Even though I know he does not have the body or movement to make it much higher in dressage, he is the perfect horse. People thought I was crazy when I told them I was taking my "Fjord" with me to California, but I know everything there is to know about him, and we've grown together. 

My advice to you

1. Find a good trainer and listen to her advice - ask questions and ask for clarification. 

2. Don't listen to EVERYBODY's day to day advice - it will drive you crazy. Be open to new knowledge, but like us, every horse is different and may think/function differently. 

3. Try to ride as many different horses as you can. Your horse will start to cover up your weaknesses and you will start to take what your horse does for granted. I learn the most when I get on other horses - they show what I do wrong, and make me pay attention. 

4. Let your trainer ride your horse. Not only does your horse need to learn precise/correct cues with clear reward, but you also want your horse to mature into a confident mount. A confident rider will be able to give a young horse that guidance. 

5. Wear a helmet! No matter how hot it is, or how many people aren't doing it!


----------



## auTBrider (Feb 6, 2011)

thankyou to everyone who gave great advice. I am using a trainer who doesn't advertise. he is my friends dad who rides and helps break in race horses but he also does normal horses too. I was getting professional lessons on a schoolmaster but unfortunately had to stop, but now am starting up again and i will be riding the school horses there. 

The horse is being given (at no cost) to me because the owners dont want her because she wont be a racehorse. she has never been trialed or taught how to race so she is a clean slate who has only been taught how to go stop and turn basically 

I agree with everyone who was saying that green horse and rider can be a little daunting to hear. i was even a little nervous in the beginning but i think because i adore her so much i think i will be able to get through it.
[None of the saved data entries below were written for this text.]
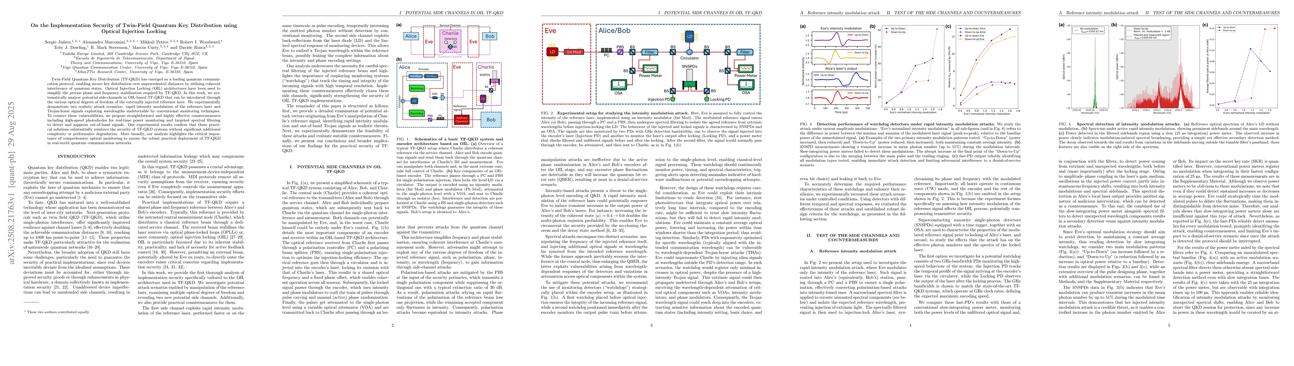 Twin-Field Quantum Key Distribution (TF-QKD) has emerged as a leading quantum communication protocol, enabling secure key distribution over unprecedented distances by utilising coherent interference of quantum states. Optical Injection Locking (OIL) architectures have been used to simplify the precise phase and frequency stabilisation required by TF-QKD. In this work, we systematically analyse potential side-channels in OIL-based TF-QKD that can be introduced through the various optical degrees of freedom of the externally injected reference laser. We experimentally demonstrate two realistic attack scenarios: rapid intensity modulation of the reference laser and Trojan-horse signals exploiting wavelengths undetectable by conventional monitoring techniques. To counter these vulnerabilities, we propose straightforward and highly effective countermeasures including high-speed photodiodes for real-time power monitoring and targeted spectral filtering to detect and suppress out-of-band signals. Our experimental results confirm that these practical solutions substantially reinforce the security of TF-QKD systems without significant additional complexity or performance degradation. More broadly, our analysis highlights the critical importance of comprehensive optical monitoring to ensure the robust practical deployment of TF-QKD in real-world quantum communication networks.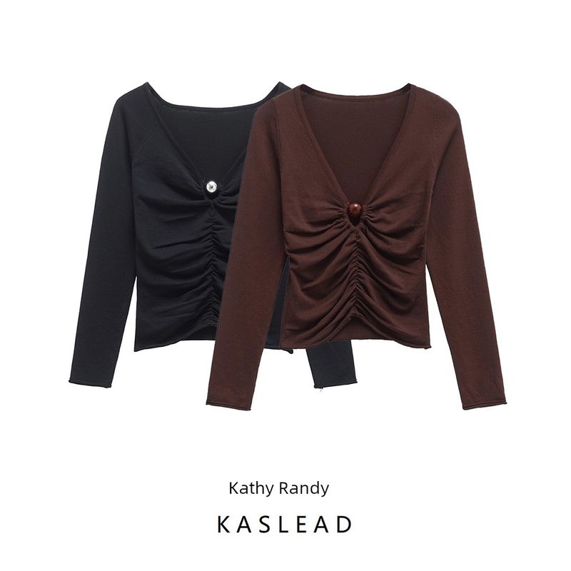 Kaslead New Arrival Women's Clothing Fashion Blowing Ball Accessories V Neck Long Sleeves Knitting Peplum Top 3920480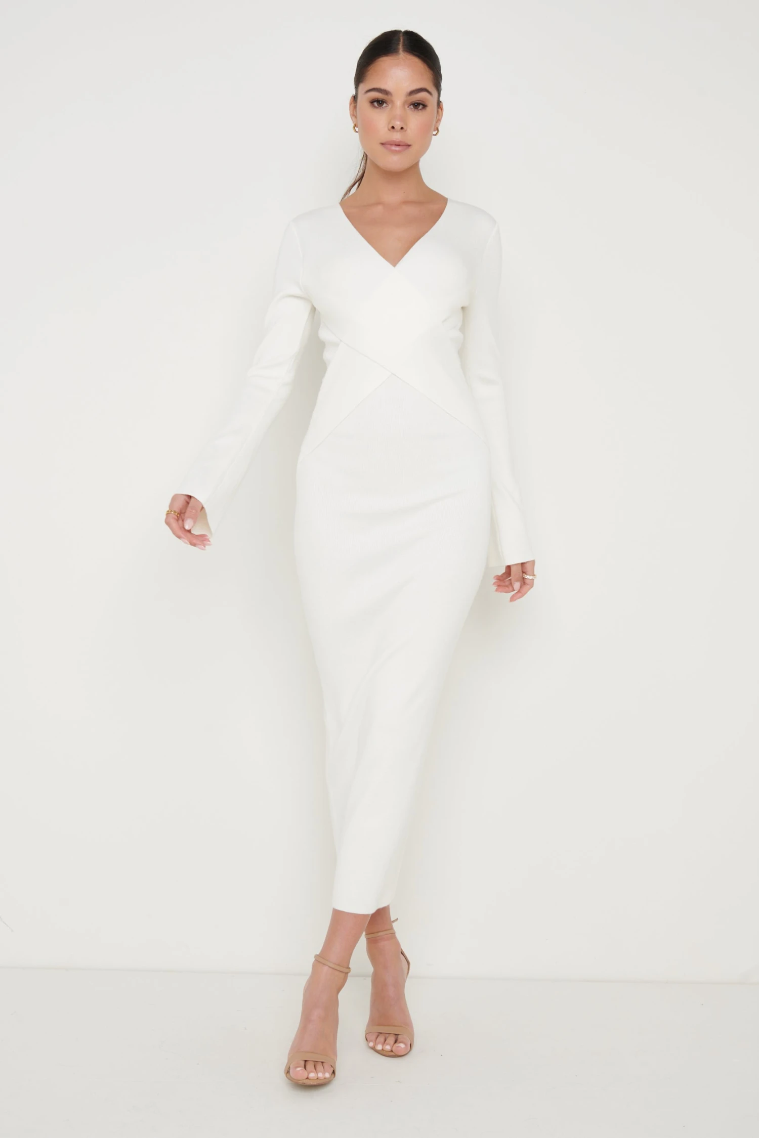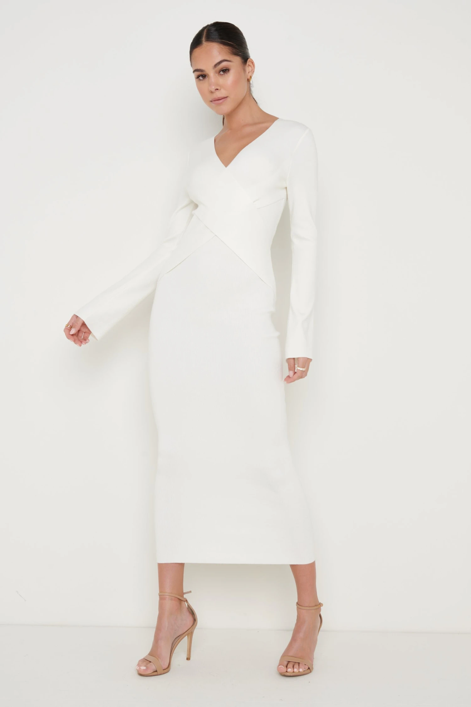 Designed with a flattering wrap detail, this Midaxi dress has a slim bodycon silhouette. Compliment its hue with neutral heels.

Hope this answers the questions people were asking.


----------



## Pumpkin1807 (Aug 29, 2015)

I am after some advice. I have been to view and try a 4yr old Arab x Welsh pony. I am a novice rider, the pony is offered for full loan and I've also been offered a trial period to see how I get on. I won't be taking it on alone, I will be getting help from trainers. The pony has been ridden by a child and has been taken to pc rallies by the child. She is good in traffic and in open fields, very responsive ride. 
I have in the past had older horses that are also much bigger and found them to be too difficult and very set in their ways. I had one knock my confidence for six.
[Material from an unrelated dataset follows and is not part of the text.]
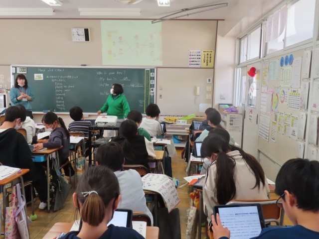 5年生は外国語の学習をしていました。今日は「あこがれの人や、その人の得意なことを紹介しよう」というめあてで取り組みました。紹介する内容を考えながら、伝えたいことが相手に分かりやすく伝わるよう、意欲的に学習していました。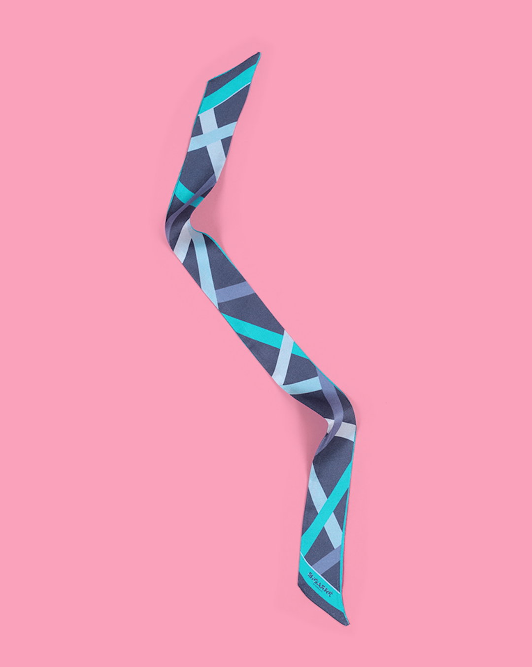 Discover bold French craftsmanship with Le Magnifique Christo – Dark Blue & South Sea Blue, a limited-edition piece created, woven, printed, and made in France. Part of the Christo series, this silk print captivates with colorful stripes that juxtapose, overlap, and intersect, evoking the image of a carefully wrapped and tied package. Inspired by the monumental fabric installations of contemporary artist Christo, this design challenges the perception of traditional sculpture and art.

Surprisingly when I tried the 4yr old I felt extremely safe and confident on her which is amazing
amazing. Do you think I am making a bad decision to take on a youngster. Obviously if it isn't meant to be and doesnt work out, I can send back to owner because it's a loan agreement.

Will appreciate feedback. Thanks.


----------



## Reiningcatsanddogs (Oct 9, 2014)

Generally the rule of thumb is green+green and all of that. On the other hand horses are individuals and so are riders. I bought my 9 yo daughter a 2 yo green broke horse. At first my trainer thought I had lost my marbles, but then he saw them work together and changed his mind. 
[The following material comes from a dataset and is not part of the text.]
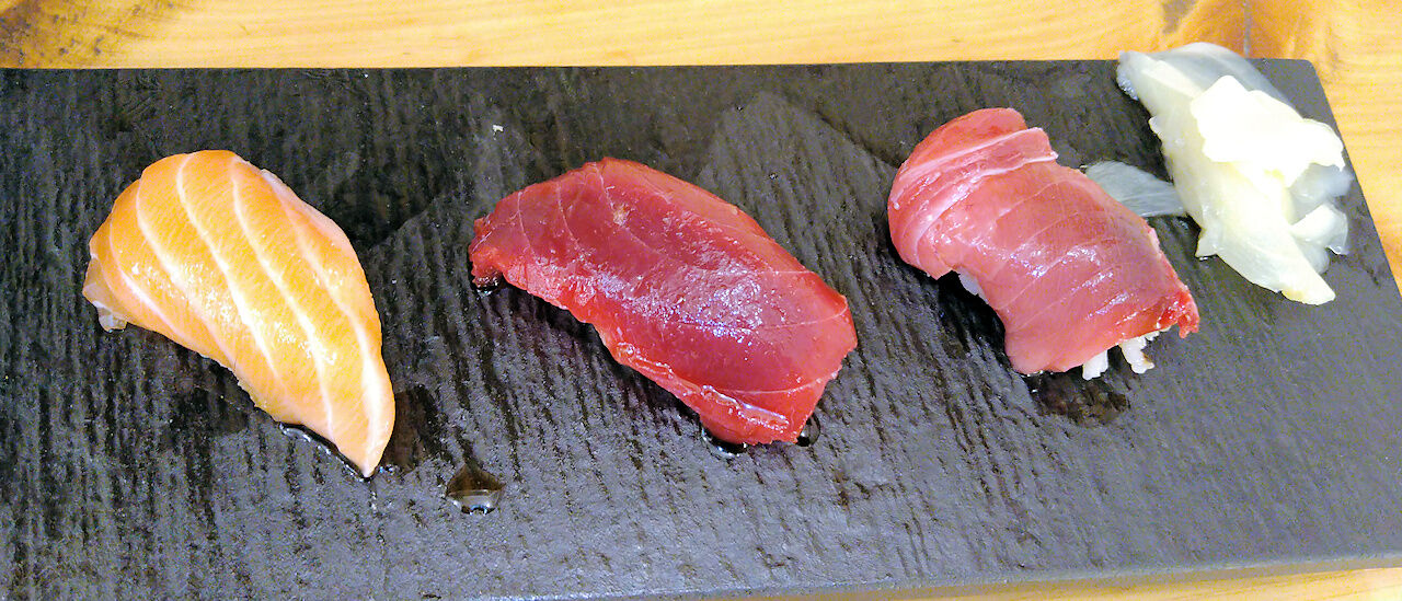 〆は寿司で。ネタの種類は豊富です。殻を見きたての海老の色合いが特徴。イカの方も切れ目の入れ具合がいいですね。赤出汁付き。

For the past two years she had been training him with a lot of oversight from the trainer and mom and the two of them are a good match. He really is quite the baby sitter. 

A few months ago we were trail riding and her horse’s cinch was loose. I heard a squeak and a thump, turned around to see my daughter on the ground under the 4 yo’s feet, saddle hanging under his belly and just looking at her as if to say “what are you doing down there silly human!”. (she now makes sure to check her cinch several times a ride) 

I know a lot of much older and more experienced horses that would have been spooked and a half mile away at that point, probably trampling their owner and ruining the saddle on the way out of Dodge. We have had several other youngsters on him (as young as 3) and he has been a perfect gentleman. 

A trial period is a good thing, as is working with a trainer, the horse also sounds like it is calm by nature, so you have a great start. Good luck!


----------